The individual is authorized to work and is currently employed in a legal industry with an annual income of at least 250% of the Federal Poverty Guidelines for a household of his or her household size.
The individual has private health insurance appropriate for the expected period of admission, so long as the individual does not receive subsidies in the form of premium tax credits under the Patient Protection and Affordable Care Act to pay for such health insurance.

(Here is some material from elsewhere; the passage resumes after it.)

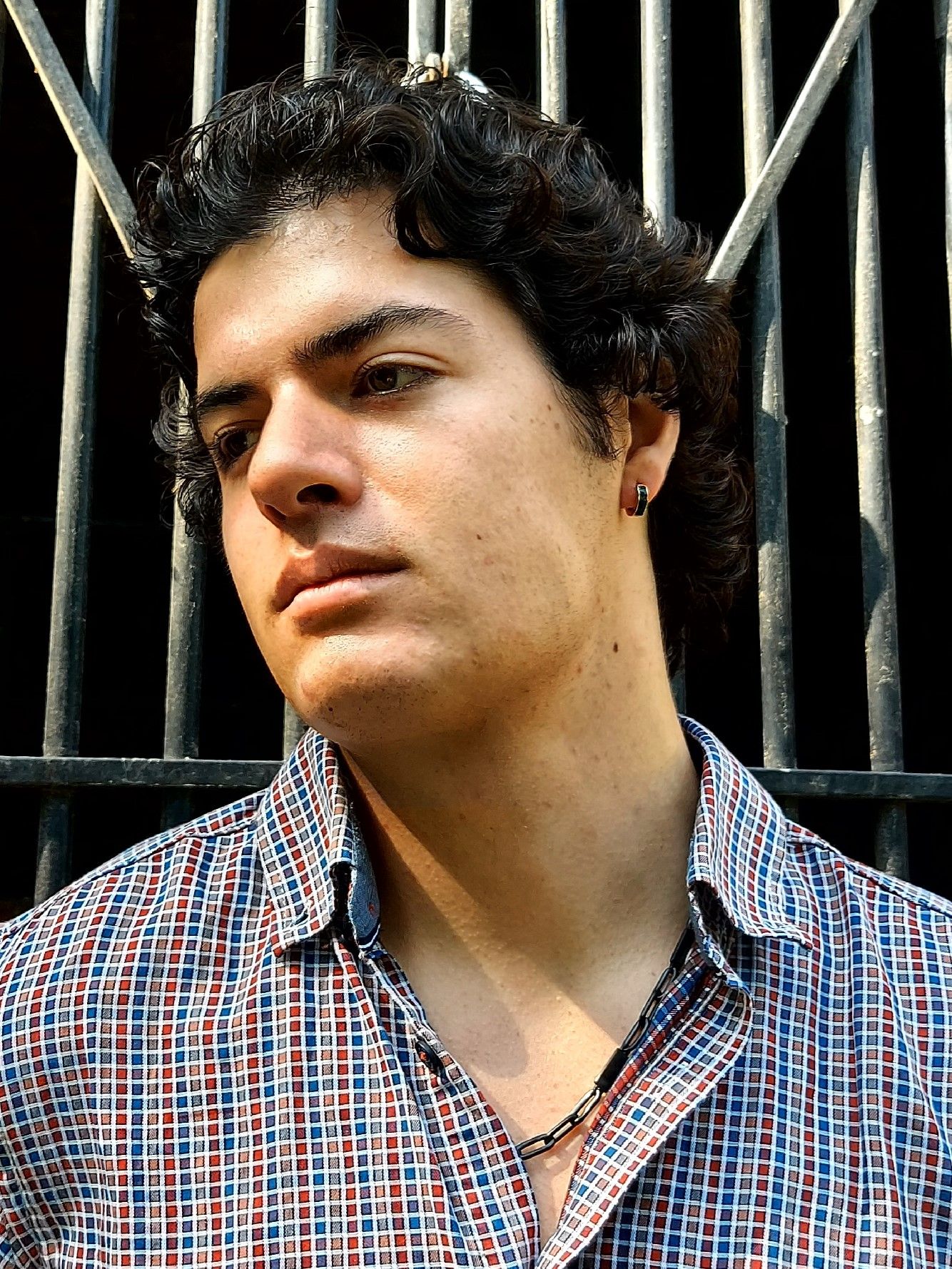 Traveller Hoop Earrings - Men - Stainless Steel - Gold Plated - Carbon - Balck / Grey - Ø 14mm

In limited circumstances, and in USCIS’ discretion, an applicant for adjustment of status may post a bond to obtain adjustment of status, despite being determined inadmissible on public charge grounds. The final rule sets the minimum bond amount at $8,100, however, the actual bond amount would be dependent on the alien’s circumstances. In addition, in certain circumstances, an alien may obtain a waiver of the public charge ground of inadmissibility.
The DOS Regulation
Like the DHS rule, the State Department’s new rule adopts DHS’s revised definition of “public charge” and will also impose a higher standard on both nonimmigrant and immigrant visa applicants requiring them to provide additional personal data in order to establish they are not likely to become a public charge of the U.S. government if issued a U.S. visa. Like DHS, DOS will review a visa applicant’s personal circumstances under a “totality of circumstances” test, including consideration of a foreign national’s
Age;
Health;
Family status;
Assets, resources, and financial status;
Education and skills;
Prospective visa classification; and
Affidavit of Support, where required.
The DOS rule also adopts the exact list of public benefits enumerated in the DHS rule as well as the same heavily weighted positive and negative factors that consular officers should consider in making a public charge determination.
WHO THIS IMPACTS
The following list of individuals are exempt from the public charge grounds of inadmissibility:
U.S. citizens, including those related to a foreign national seeking benefits;
Certain foreign-born children of U.S. citizens
Most lawful permanent residents, including permanent residents who apply for naturalization to U.S. citizenship;
Certain adoptees; and
Foreign nationals who are exempt from public charge grounds of inadmissibility, including asylees, refugees, victims of human trafficking, domestic violence and certain enumerated crimes, and Special Immigrant Juveniles.
THINGS TO KEEP IN MIND
Until February 24, 2020, foreign nationals seeking to extend, change, or adjust their status from within the U.S. and those applying for nonimmigrant and immigrant visas outside the U.S. will not be subject to the higher public charge standards, including the requirement to provide detailed documentation of their personal financial circumstances.
D&S is continuing to closely monitor the associated regulations and federal court litigation and will provide updates as they become available.
This alert is for informational purposes only and does not constitute legal advice and should not be considered a substitute for consultation with immigration counsel.